_Task objective_.
Restate all of the following data exactly, keeping any images out of the copy.

_Source material_.
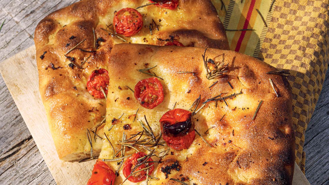 • Die Focaccia ca. 25 Minuten backen, bis sie goldgelb ist.
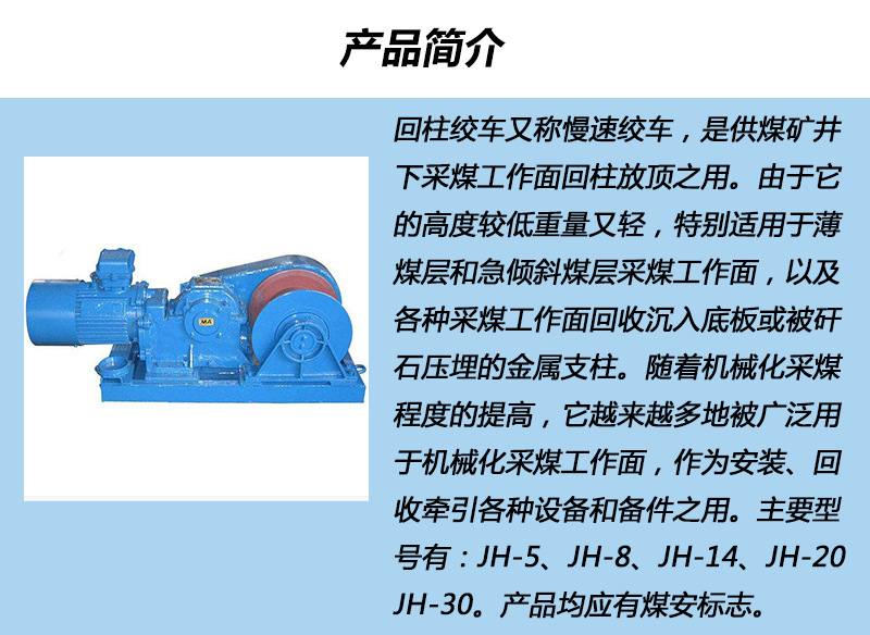 回柱绞车是煤矿井下回柱放顶之用,适用于薄煤层和急倾斜采煤工作面,以及在各种采煤工作面上回收被矸石长结的金属支柱或沉入底板。回柱绞车也可用作移溜槽,搬移皮带运输机头等辅助牵引工作。回柱绞车的电气设备具有防爆性能,可用于有煤尘及瓦斯的矿井中。
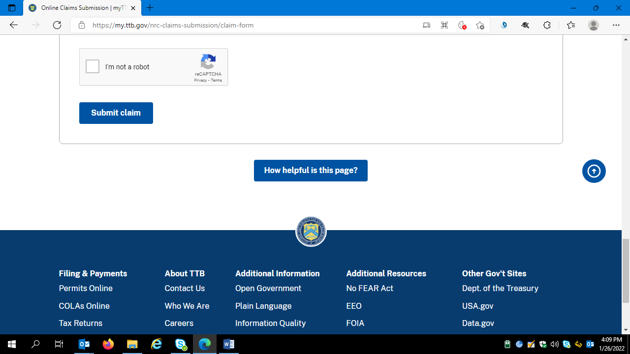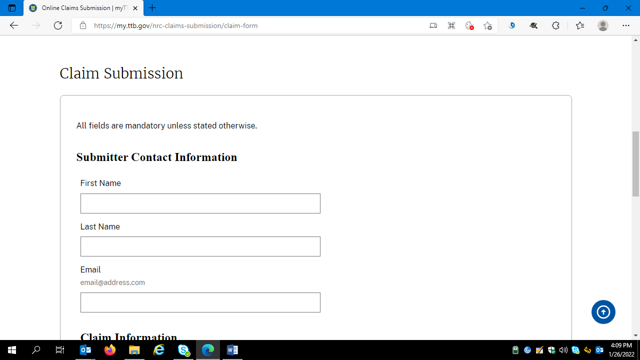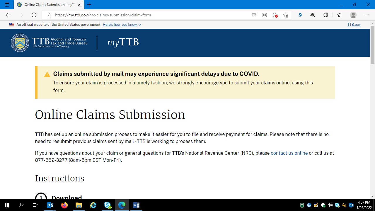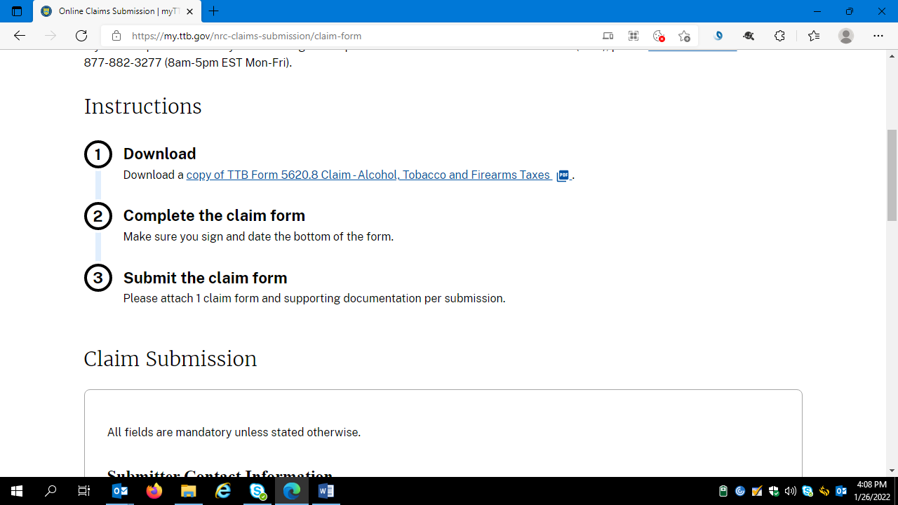 After downloading and completing a fillable-printable TTB F 5620.8 form from the TTB website (https://www.ttb.gov/forms), respondents may electronically upload and submit the completed form and any required supporting documents to TTB via the Online Claims Submission portal on the TTB website at https://my.ttb.gov/nrc-claims-submission/claim-form.
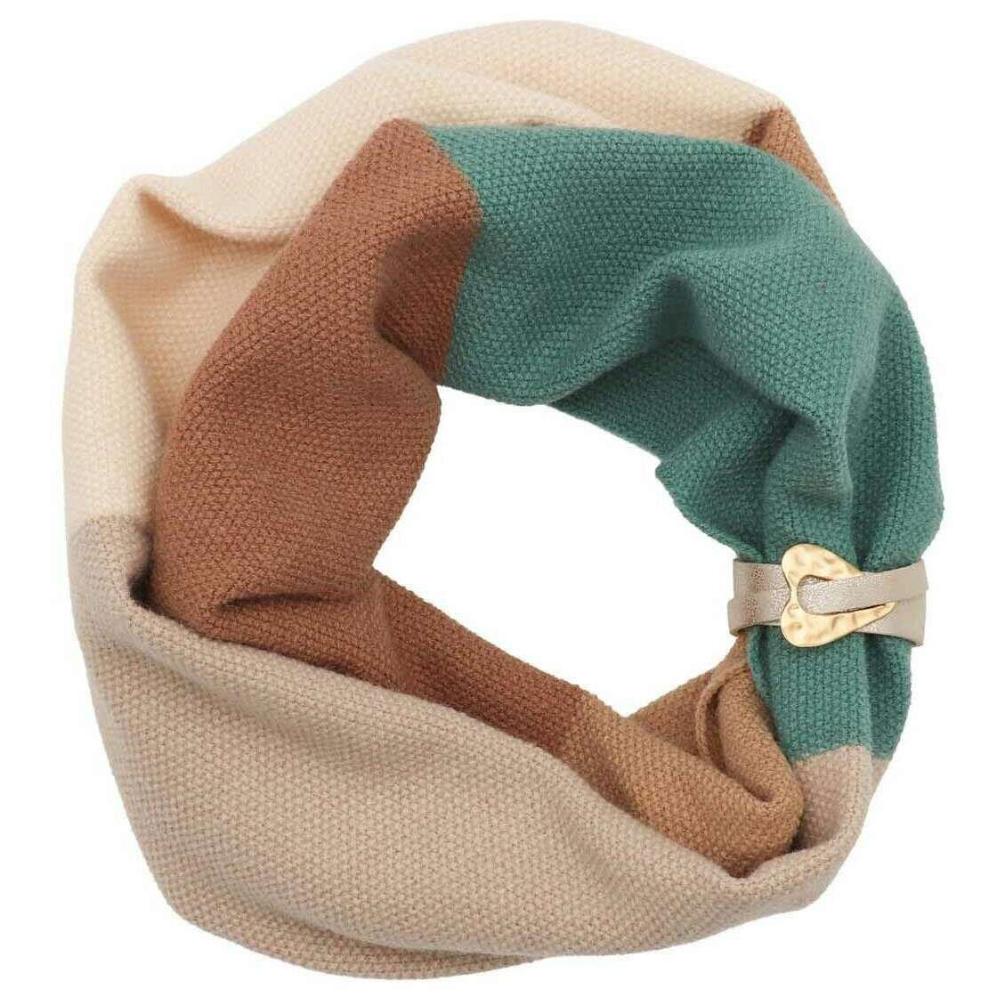Zelly Faux Leather Detail Loop Snood - Beige/Cream/Teal

_Task solution_.
 • Die Focaccia ca. 25 Minuten backen, bis sie goldgelb ist.
 回柱绞车是煤矿井下回柱放顶之用,适用于薄煤层和急倾斜采煤工作面,以及在各种采煤工作面上回收被矸石长结的金属支柱或沉入底板。回柱绞车也可用作移溜槽,搬移皮带运输机头等辅助牵引工作。回柱绞车的电气设备具有防爆性能,可用于有煤尘及瓦斯的矿井中。
 After downloading and completing a fillable-printable TTB F 5620.8 form from the TTB website (https://www.ttb.gov/forms), respondents may electronically upload and submit the completed form and any required supporting documents to TTB via the Online Claims Submission portal on the TTB website at https://my.ttb.gov/nrc-claims-submission/claim-form.
Zelly Faux Leather Detail Loop Snood - Beige/Cream/Teal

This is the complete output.